Dr. Crucifer could have come from another planet. His was a face of grue, a little balloon of dead-white cheeks and jowls with eyes, ringed in black, which seemed to have fixed the features they no longer animated: two windows, shades drawn. It was a head that Darconville perhaps had seen only once before — the bust of Niccolô Strozzi in the Dahlem Museum. There was no beard or bodily hair, only a parchmentlike, pasty skin which wasn’t mat-white, neither the Chinese white of oil pigment, nor of that hue which leprosy had bleached out, but a sleek shiny fat with the tint of gambroon.

He was tall and cold and white, showing the same peculiar mis-configuration of body that was George Washington’s, a pinball-sized head in striking contrast to the tall elongated trunk of the obesus which suggested a kind of blown-out gigantism and ran into swollen breasts, fat pads, and affluent buttocks that seemed to be pinguefying on their own steaks. The thyroid cartilage was inconspicuous. He had tits. He had a buffalo hump in his shoulders. His hands were pudgy, with dimpled knuckles, and his fingers were long and groomed like a woman’s, the nails left sharp and cut almost to a triangle. The hair on his head was black, shiny, and hard, belying an advanced age that could be seen only in his teeth. The effect was that of seeing a great lubberly boy who resembled — forgive the unpicturable image — a giant dwarf: the pendulous belly, a low abdomen big as a budget, a draffsack with short ineffectual arms that implied poor muscular development, demineralized bones, and extreme fatigability. A malodorous perspiration could be detected as he came closer.

He smiled uncannily, glowered suddenly in a fit: there was no easy passage in his face from one mood to another. When he spoke he whistled through his nose, his ogival head moving slowly from side to side, and yet the expression on his face was generally blank, mobile only in so much as speaking demanded it. His mouth looked like a baby’s, puckered out like a file-fish, and incredibly there was no salivation associated with it, for his tongue, mouth, and lips were dry —with no moisture in evidence at all — and the sounds of his speech, like cornshucks rustling, came out in rasps. It was a creature from the moonlight world.

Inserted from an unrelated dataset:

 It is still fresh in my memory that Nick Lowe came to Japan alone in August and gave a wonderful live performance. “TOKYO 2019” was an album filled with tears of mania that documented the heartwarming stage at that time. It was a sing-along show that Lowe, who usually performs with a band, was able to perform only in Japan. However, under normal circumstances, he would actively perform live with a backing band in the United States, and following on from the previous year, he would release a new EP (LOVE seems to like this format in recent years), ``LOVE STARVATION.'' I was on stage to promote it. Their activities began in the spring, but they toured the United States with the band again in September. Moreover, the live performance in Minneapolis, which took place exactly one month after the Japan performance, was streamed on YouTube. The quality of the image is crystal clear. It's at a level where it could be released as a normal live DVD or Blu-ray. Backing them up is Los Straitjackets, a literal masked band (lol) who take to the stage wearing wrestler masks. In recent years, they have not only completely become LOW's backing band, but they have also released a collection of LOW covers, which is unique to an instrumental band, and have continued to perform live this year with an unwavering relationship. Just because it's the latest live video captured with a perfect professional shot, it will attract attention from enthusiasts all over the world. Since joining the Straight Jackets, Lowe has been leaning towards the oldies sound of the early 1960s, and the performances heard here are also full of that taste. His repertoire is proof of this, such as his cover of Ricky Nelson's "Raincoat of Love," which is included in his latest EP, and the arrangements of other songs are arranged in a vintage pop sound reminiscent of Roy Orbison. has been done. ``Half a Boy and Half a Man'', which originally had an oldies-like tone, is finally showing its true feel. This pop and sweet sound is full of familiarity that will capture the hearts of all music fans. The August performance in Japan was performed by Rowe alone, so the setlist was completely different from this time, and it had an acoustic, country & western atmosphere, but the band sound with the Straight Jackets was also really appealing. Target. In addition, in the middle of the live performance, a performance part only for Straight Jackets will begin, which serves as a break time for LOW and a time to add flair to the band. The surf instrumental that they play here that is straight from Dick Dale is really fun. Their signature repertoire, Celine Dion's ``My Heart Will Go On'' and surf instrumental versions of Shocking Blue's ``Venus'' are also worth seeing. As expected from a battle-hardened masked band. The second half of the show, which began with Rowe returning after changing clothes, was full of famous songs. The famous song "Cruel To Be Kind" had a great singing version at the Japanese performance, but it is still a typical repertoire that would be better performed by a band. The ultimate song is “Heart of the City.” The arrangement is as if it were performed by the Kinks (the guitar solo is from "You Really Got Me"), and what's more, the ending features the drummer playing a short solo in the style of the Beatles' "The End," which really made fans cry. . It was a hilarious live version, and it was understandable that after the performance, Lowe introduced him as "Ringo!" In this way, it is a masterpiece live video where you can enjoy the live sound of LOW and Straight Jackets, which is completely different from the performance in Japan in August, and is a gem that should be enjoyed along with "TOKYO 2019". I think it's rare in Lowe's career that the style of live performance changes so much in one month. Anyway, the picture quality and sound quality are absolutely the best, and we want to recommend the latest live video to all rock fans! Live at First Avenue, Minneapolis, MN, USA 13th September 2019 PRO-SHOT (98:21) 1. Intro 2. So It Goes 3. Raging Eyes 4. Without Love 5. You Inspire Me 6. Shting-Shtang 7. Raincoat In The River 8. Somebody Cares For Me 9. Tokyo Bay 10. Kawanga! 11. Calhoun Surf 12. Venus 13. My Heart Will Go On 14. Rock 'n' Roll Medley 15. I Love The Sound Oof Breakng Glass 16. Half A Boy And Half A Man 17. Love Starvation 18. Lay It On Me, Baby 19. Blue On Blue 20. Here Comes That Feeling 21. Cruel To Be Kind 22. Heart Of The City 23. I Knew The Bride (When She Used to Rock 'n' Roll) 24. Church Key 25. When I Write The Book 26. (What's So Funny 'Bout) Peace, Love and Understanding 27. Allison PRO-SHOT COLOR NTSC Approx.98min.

“Love?” he screeched. “Love?” He looked as if he had been whipped in the face. “The impatient disease? The poor man’s grand opera? That desert of loneliness and recrimination? The stinkingest word, you mean, in the Schimpftexicon of song and sentiment?” Crucifer banged the table furiously, the sudden and violent response turning his eyes white in an ophthalmic roll. “That thing which boys and girls spin tops at? The mood that can comment on every woe? The delusion, you mean, that one woman differs from another? That set of alcove manners, the demand for which hatred owes all its meaning, is this what you have in mind? That thing of dark imaginings that shapes by chance the perils it by choice can escape? The emotion that makes you leer like a sheepbiter, fawn like a spaniel, crouch like a Jew?” Crucifer swallowed. “Love — pronounced, I believe, looove ,” he mocked, “in the southern part of this country — is a state of mind sustained by a variety of imbecile distractions, the divisor of two solitudes shoved into the dividend of desperation for a quotient of what? Division! The inverse of multiplication!

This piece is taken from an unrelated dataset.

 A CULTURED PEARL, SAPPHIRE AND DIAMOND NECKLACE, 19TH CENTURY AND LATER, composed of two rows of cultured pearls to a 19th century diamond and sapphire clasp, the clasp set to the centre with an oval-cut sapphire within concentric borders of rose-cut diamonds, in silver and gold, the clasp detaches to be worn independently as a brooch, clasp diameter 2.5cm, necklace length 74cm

“Can you eat love?” Crucifer spat air and waltzed vulgarly forward. “Can you cook love? Can you sit on love? Can you crawl under love when it’s raining? Can you drive love to the Leucadian groves? Can you wear love when it’s cold out? Can you taste it? Touch it? Feel it? Smell? Or depend on it? Can you do anything besides breed with it? Can you? Well, tell me, can you ?”

For a moment, Darconville was actually frightened.

“Desire,” whispered Crucifer, “is a sad thing, and love is all the foolish know to lighten the burden. You can alter a cat, perhaps, but not the stupidities of mankind. No, there is no authority but Milton’s for Adam and Eve having left the Garden of Paradise hand in hand. I suspect he beat the living shit out of her”—as he laughed he covered his face with his hand—”and was left alone.”